Performance Differences between CDH and CDP
Assess the performance changes this migration can bring. If you are planning to migrate the current Impala workload to Public Cloud, conduct a performance impact analysis to evaluate how this migration will affect you.
IO Performance Considerations
On-prem CDH hosts often have substantial IO hardware attached to support large scan operations on HDFS, potentially providing 10s of GB per seconds of bandwidth with many SSD devices and dedicated interconnects. Due to the transient nature and cost structure of cloud instances, such a model is not practical for primary storage in CDP.
Like many AWS database offerings, HFS in CDP uses EBS volumes for persistence. The EBS gp2 has a bandwidth limit of 250MB/sec/volume. In addition, EBS may be throttled to zero throughput for extended durations if bandwidth exceeds thresholds. Because of these limitations, it is not practical in many cases to rely on direct IO to EBS for performance. EBS is also routed over shared network hardware and may have additional performance limitations due to redundancy.
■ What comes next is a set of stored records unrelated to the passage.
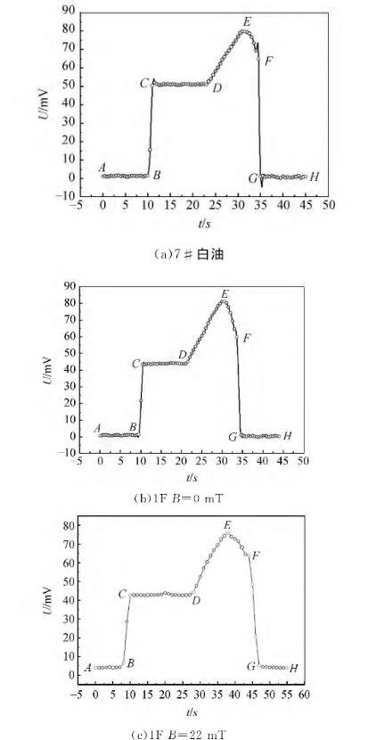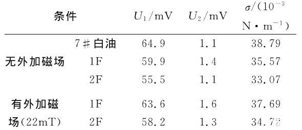 計算機實時在線采集了2種磁性液體及白油液膜拉脫過程中電壓隨時間的變化曲線,如圖4所示。從圖4可看到,3種液體的電壓變化規(guī)律一致,圖中F和G兩點是液膜破裂前后瞬間的電壓值,片狀吊環(huán)的內外徑分別為33.10mm和34.69mm,根據(jù)(6)式即可計算出液體的表面張力。室溫(20±0.5)℃時各液體的表面張力見表2.7#白油的表面張力大于磁性液體,這主要是因為表面活性劑的加入降低了液體的表面張力。當22mT的磁場作用于磁性液體時,磁性液體的表面張力增加,這主要是因為無外加磁場作用時,各磁性顆粒的磁矩方向雜亂無章,互相抵消,磁性液體不顯示宏觀磁性。當外加磁場作用于磁性液體時,且磁場方向平行于切線方向的磁性液膜時,各磁性顆粒的磁矩方向轉向外加磁場方向,外加磁場增強了磁偶極子之間的相互作用,導致磁性液體的表面張力增加。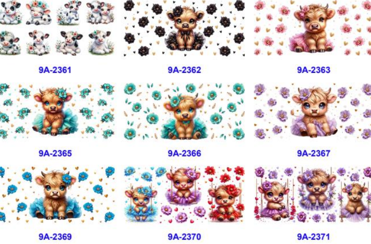 Wholesale 5pcs Cute Flower Cows 16oz Single-Sided Cup Stickers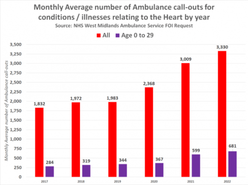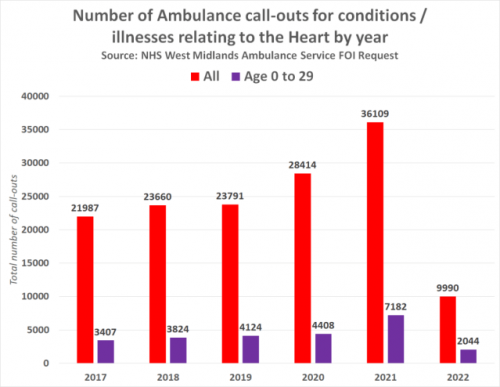 Dne 25. aprila 2022 je Duncan Husband poslal zahtevo za svobodo informacij (FOI) West Midlands Ambulance Service University NHS Foundation Trust, da bi izvedel število klicev za bolnike s srčnimi boleznimi na leto, med 1. januarjem 2017 in današnji dan.
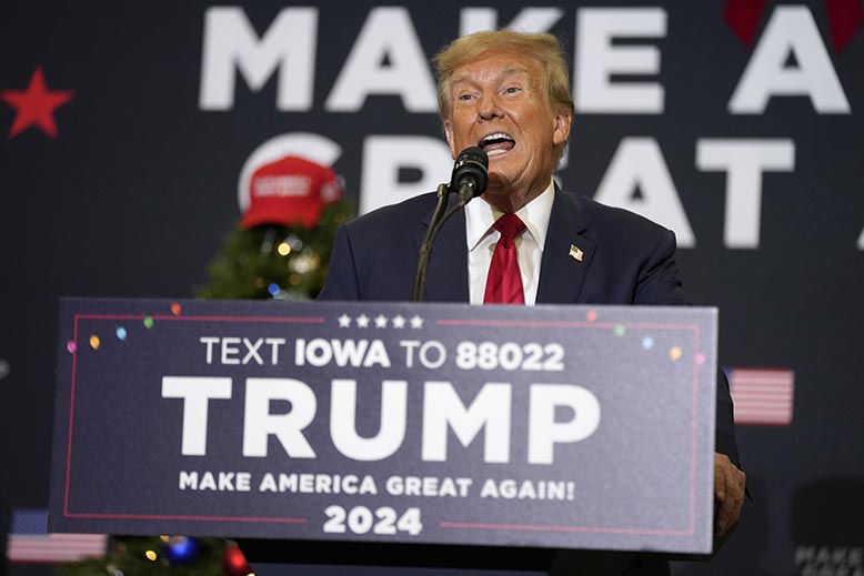Den 14 januari är Iowa först ut med att utse partiernas kandidater till presidentvalet i november. Här kampanjar Donald Trump i delstaten strax före jul. Foto: Charlie Neibergall/AP/TT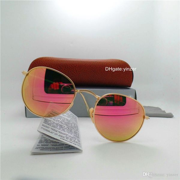 glass lens round classic sunglasses men women brand designer circle uv400 mirror 51mm outdoor oval metal sun glasses brown case box, White;black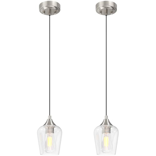 VONLUCE Pendant Lights Kitchen Island, Brushed Nickel Pendant Light Fixtures with E26 Base & Adjustable Cable, Modern Pendant Lighting with Glass Shade for Living Room Bedroom Hallway, 2 Packs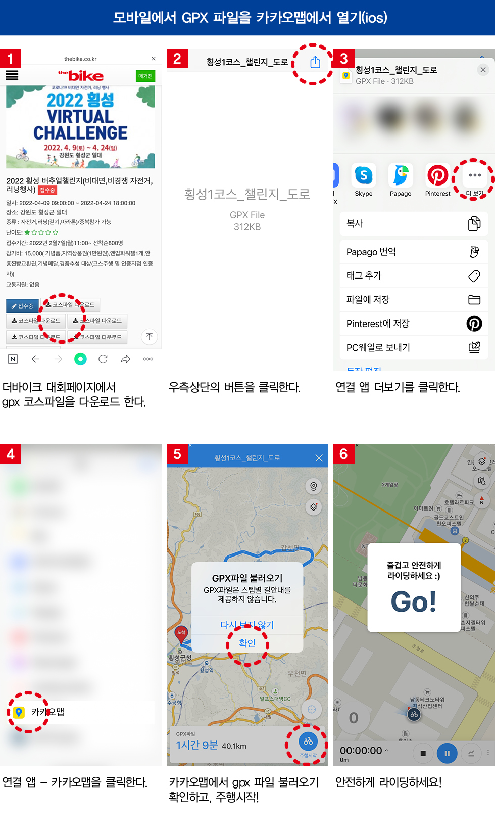 사용한 어플의 코스 주행화면을 캡쳐한 사진과 인증지점에서 촬영한 인증샷을 함께 더바이크 홈페이지(www.thebike) 인증사진 올리기 페이지에 올려주세요.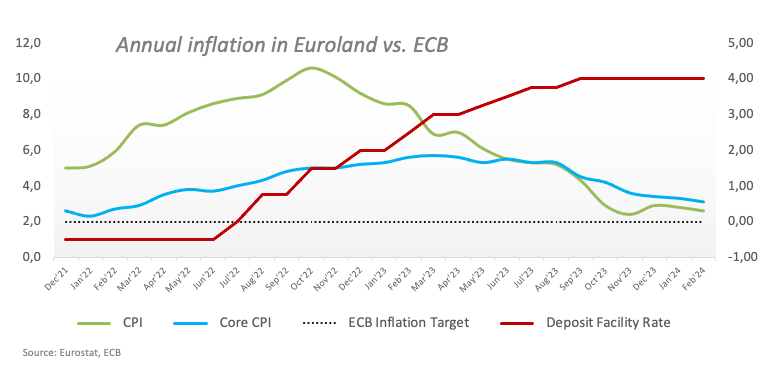 In the meantime, final Manufacturing PMIs in both Germany and the broader Eurozone showed the sector still appears mired in the contraction territory (<50), while the job report in Germany came in below consensus and the unemployment rate in the Eurozone ticked lower in January. Inflation, on the other hand, resumed its downward trend in February, as per preliminary Consumer Price Index (CPI) figures in the Eurozone and Germany.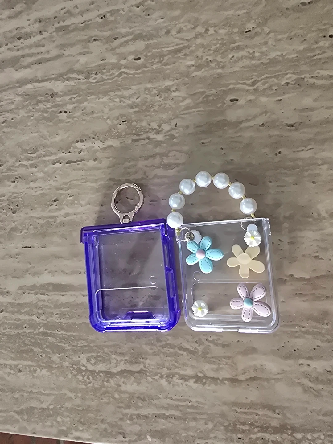 Clear Card Holder with Pearl Charm and Flower Embellishments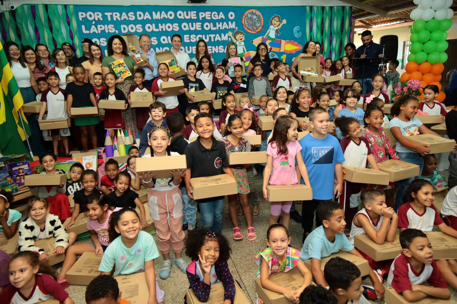 Vilela, Lana, João Campos e Professora Núbia entregaram aos alunos do 1º e 2º ano do Ensino Fundamental kits escolares enviados pelo governador Ronaldo Caiado; vice-governador, Daniel Vilela; primeira-dama, Gracinha Caiado; e pela secretária estadual de Educação, Fátima Gavioli. Receberão o kit todos os alunos da rede matriculados no Infantil G4 e Infantil G5 e 1º e 2º do Ensino Fundamental.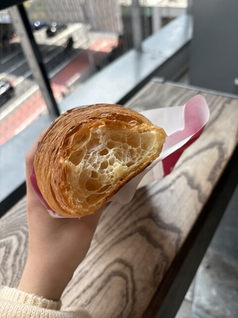 クロワッサンは、パリパリで中がふわっとしていて、後味のバターが濃くて本当に美味しいです。あたためなくてもこんなに美味しいクロワッサンは初めて出会いました。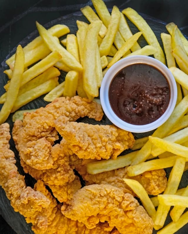 Salsa BBQ, mozarella, carne picada, pollo y oreganó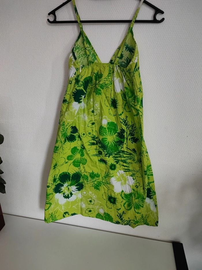 Robe avec fermeture éclair sur le dos En très bon état à part un trou en bas de la fermeture éclair mais ne se voit pas trop Pas d'étiquette de taille mais correspond à un S

To mitigate the PC IO bandwidth discrepancy, ephemeral storage is relied on heavily for caching working sets. While this is existing Impala behavior carried over from CDH, the penalty for going to primary storage is much higher so more data must be cached locally to maintain equivalent performance. Since ephemeral storage is also used for spilling of intermediate results, it is import to avoid excess spilling which could compete for bandwidth.